Jesse Phillips wrote:
On Wed, 18 Nov 2009 15:24:11 -0800, Andrei Alexandrescu wrote:
Consider:
void fun() {
try {
throw new Exception("a");
} finally {
throw new Exception("b");
}
}
Currently this function would unceremoniously terminate the program. I
think it shouldn't. What should happen is that the "a" exception should
be propagated unabated, and the "b" exception should be appended to it.
The Exception class should have a property "next" that returns a
reference to the next exception thrown (in this case "b"), effectively
establishing an arbitrarily long singly-linked list of exceptions.

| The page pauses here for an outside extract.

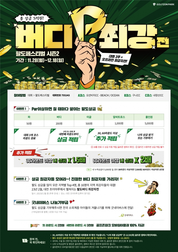 이번 사업은 골프존의 기부금 1억 원과 지난해 12월 팔도페스티벌에 참여한 골프존 회원들의 자발적 기부금액 200만 원으로 진행된다. 골프존은 밀키트 2만 개를 매주 4인 분량의 밀키트를 대상 아동에게 배송, 급식 지원이 되지 않는 주말 동안 결식 예방을 위한 특식 구성 등 아동들의 영양 불균형 해소와 건강한 신체 발달을 지원할 예정이다.
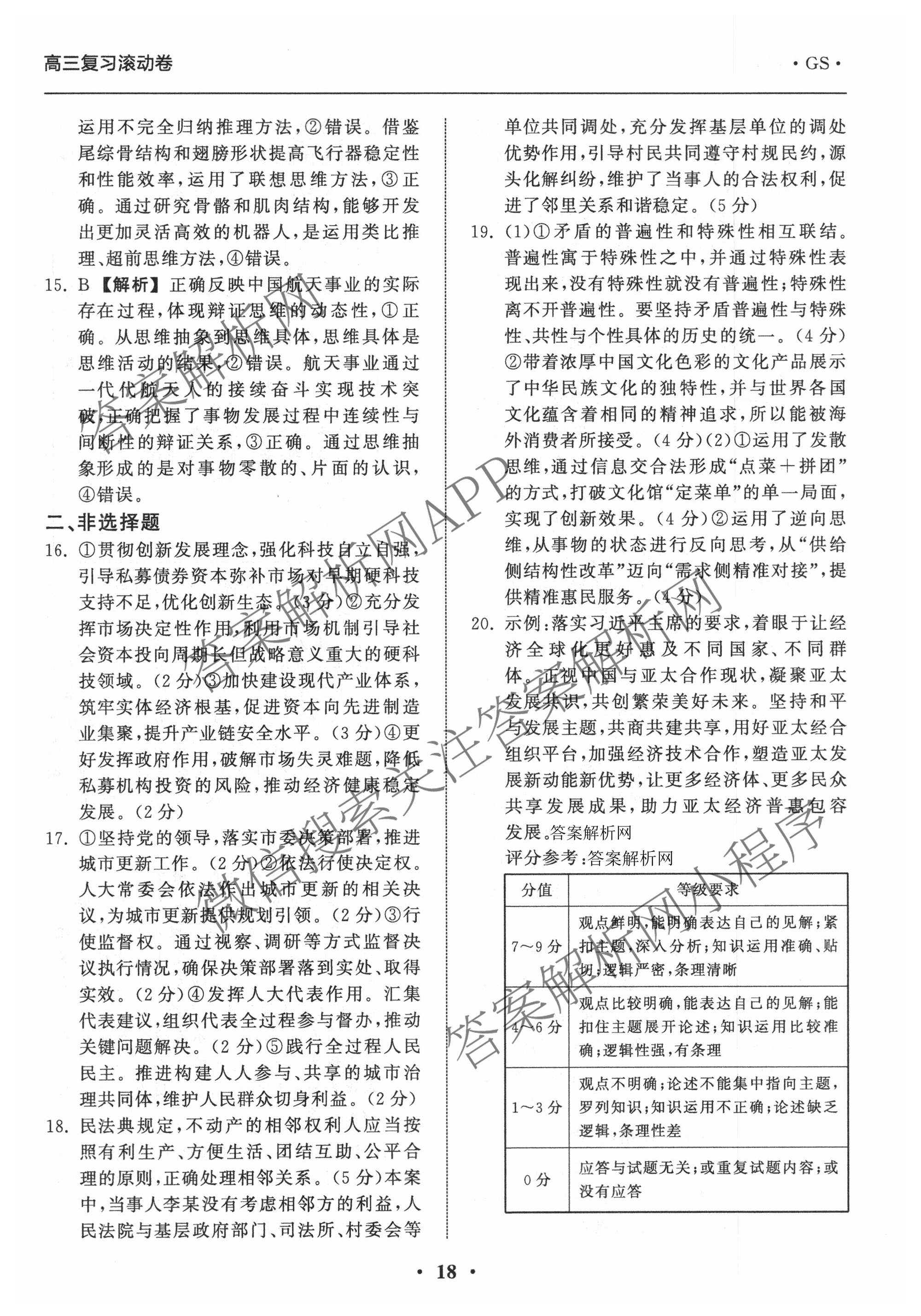 2025~2026[衡中同卷]学年度(高三)复习滚动卷(五)5政治(GS)答案

A friend told me that that's what Java does, with the difference that
the last exception thrown takes over, so the chain comes reversed. I
strongly believe "a" is the main exception and "b" is a contingent
exception, so we shouldn't do what Java does. But Java must have some
good reason to go the other way.
Please chime in with (a) a confirmation/infirmation of Java's mechanism
above; (b) links to motivations for Java's approach, (c) any comments
about all of the above.
Thanks,
Andrei
Best as I can tell, the Java compiler doesn't do the chaining
automatically. It is up to the one throwing the exception to make the
chain. The exception class just provides a specification that requires
all exceptions to support chaining. This explains why it is not the root
cause that is at the head of the chain.
try {
stmt.executeUpdate(sql);
} catch (SQLException ex) {
throw new
EmployeeLookupException(
"Query failure",ex); // ex is passed to the constructor of the class
}
Example from: http://java.sys-con.com/node/36579
http://www.developer.com/tech/article.php/1431531/Chained-Exceptions-in-
Java.htm
Thanks! Question - is there a way to fetch the current Throwable from
within a finally clause?
Andrei